By Zara Todd
This is the first time I have ever been asked what it was like being the child of a working parent. I find that interesting because I have spent my entire life as a disabled person being asked questions about myself and my experience. At 28, more aspects of my life have been documented than the majority of people, but the fact that my mother worked has never really come up. I guess, up until this point, people have made the assumption that either my mother didn’t work (I’m from a single parent family) or that my mother’s working has had little effect on my life for good or ill.
Both of these assumptions are wrong. My mum worked full-time from when I was born until I was aged 10 or 11, at which point she took early retirement. While I’m pretty certain that having a disabled child encouraged my mother to retire early, I know that I wasn’t the sole factor in her retirement. Equally, I can’t say that having a working parent had little effect on who I am, what my childhood was like and my relationship with my mum because it has, both positively and negatively.
Having a working parent, regardless of whether you are disabled or not, has an impact because you have to adapt to a wider range of people and to change itself. In my case I was too young to remember when my mum went back to work. It was before my impairment was diagnosed. This is significant because I suspect my mother would have found it much more difficult to find childcare for me had my impairment been known. As it was, as I got older, the harder and harder it was to find childcare because the gap between myself and my non-disabled peers became increasingly significant. A two- or three-year-old using crawling as their major method of transportation is just about acceptable, but when you get to seven or eight people start to worry.
When I was little I had a childminder who I loved to bits and often accidentally called ‘mummy’ and while I can’t really remember much, I look back at that time positively. Unfortunately, between the ages of four and eight I can remember not being very happy that my mummy worked while a lot of the children around me got to spend a lot of time with their parents. I was certainly jealous that many of my classmates didn’t have to go to after-school clubs, work out who they were going to that afternoon or get shop bought cakes for bake sales.
While I had some bad experiences with nurseries and childcare, who were not careful with their charges and did not listen to information (I vividly remember being force-fed meat and fish at the age of four or five because childcare staff didn’t understand what a vegetarian was and thought that I was just being difficult), I also had some good times and remember how proud I was of my mum whenever someone asked me what she did for a living. I don’t feel like I missed out massively because my mum worked but I do sometimes wonder whether my mother feels like she missed out on a lot of my childhood.
I think growing up with a working parent has given me some great skills. I adapt very well to change and enjoy meeting new people. Being in environments where you come into contact with a diverse range of people helped me understand at a very young age that not everybody has the same values, expectations and experiences that my family does. I’d like to think that heavy exposure to new people as a young child has made me a pretty awesome judge of character, and growing up I rarely got homesick. Particularly as a disabled child having a working parent has meant that I had to develop at an early age the ability to explain my condition, what help I needed and what I could and couldn’t do. However, this has just prepared me for adult life where I spent a fair amount of my time having to give the same explanations.

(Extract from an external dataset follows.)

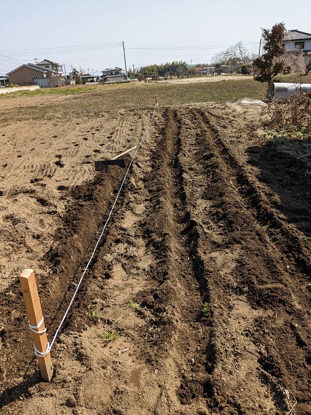 ② 畑にさくを切り、カットしたイモを30cm位ので間隔で置く。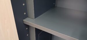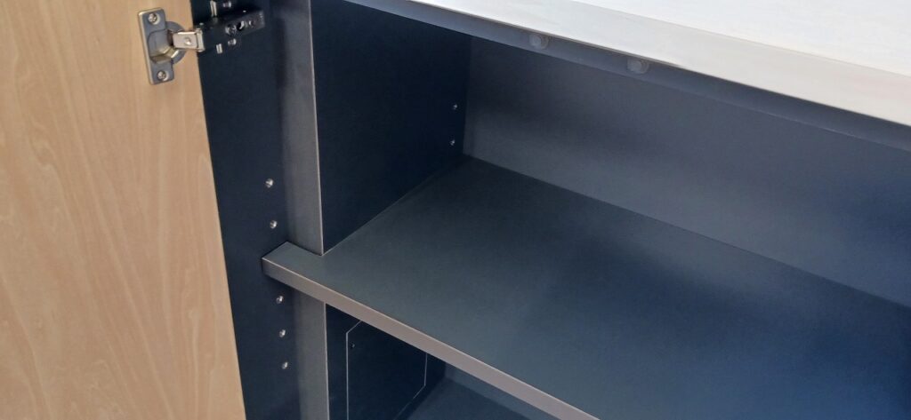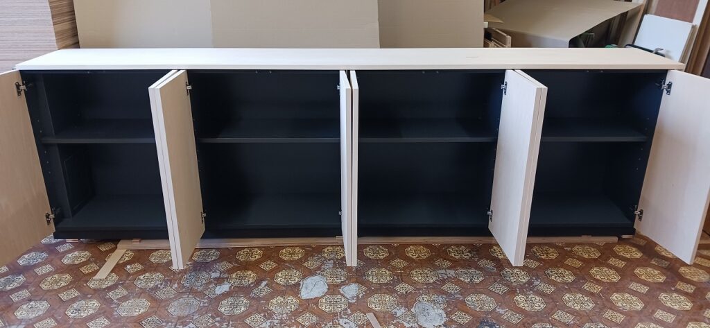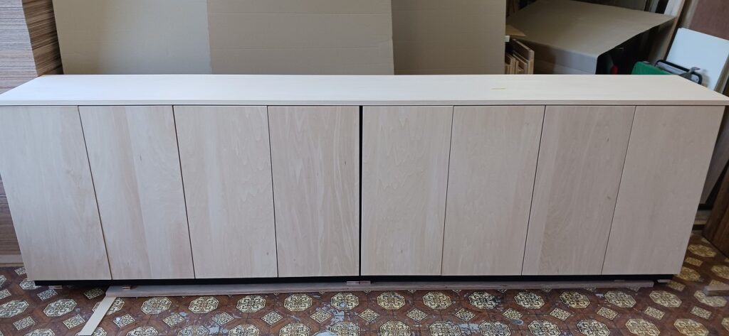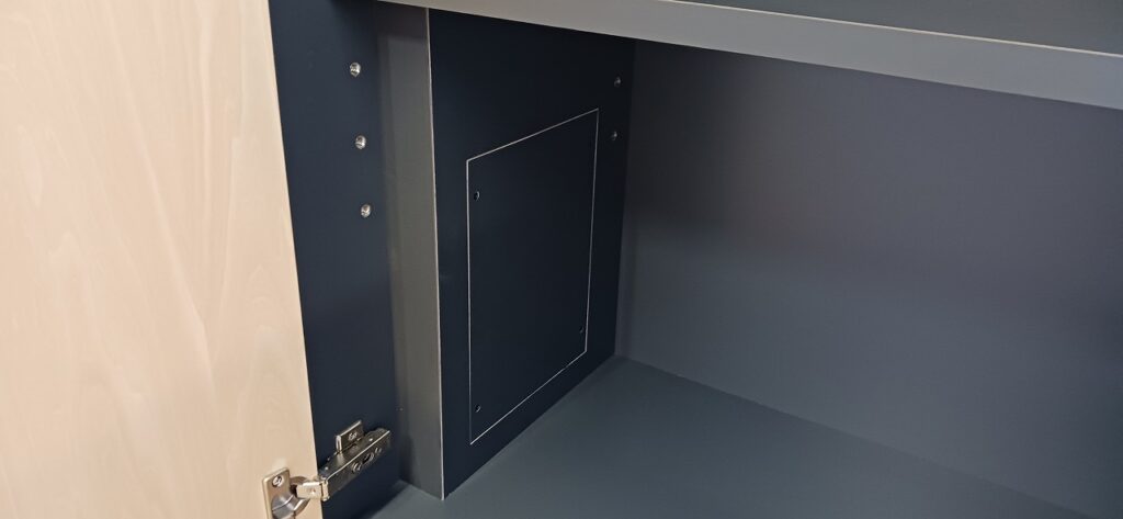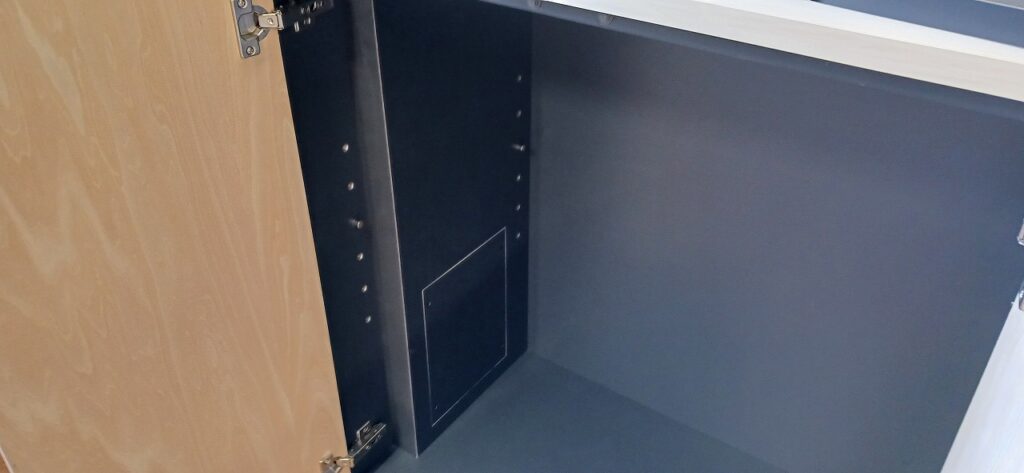 2025.11.26 電装ポケット 風も雲もなく真青な空と乾燥した冬晴れの水曜日。w3200×h900×d380㎜サイズのカウンターキャビネット、本体内部側板部分に大容量の電装スペースを装備した専用設計、扉はハンドルを付けないプッシュオープンタイプを採用、プッシュラッチは本体小口に埋め込みセッティングされた出っ張りの無いスッキリとしたデザイン、外装はシート貼り用下地としてシナ合板仕上げ、内装は微細エンボス質のダークグレーポリ合板仕様。

One of the things I found hardest about being a disabled child of a working parent has definitely been seeing and hearing other people judge my mother for her decision to work when she had a ‘severely’ disabled child. My mum would have worked whether I was disabled or not. It was a necessity and a decision I am sure she spent a lot of time agonising over.
It saddens me that many people I’ve come across in my life have judged her for this decision, particularly because of my impairment. In a society which is trying to be inclusive and equal, systems, structures and people should be able to accommodate working parents with disabled children without it being necessary for a parent to give up work.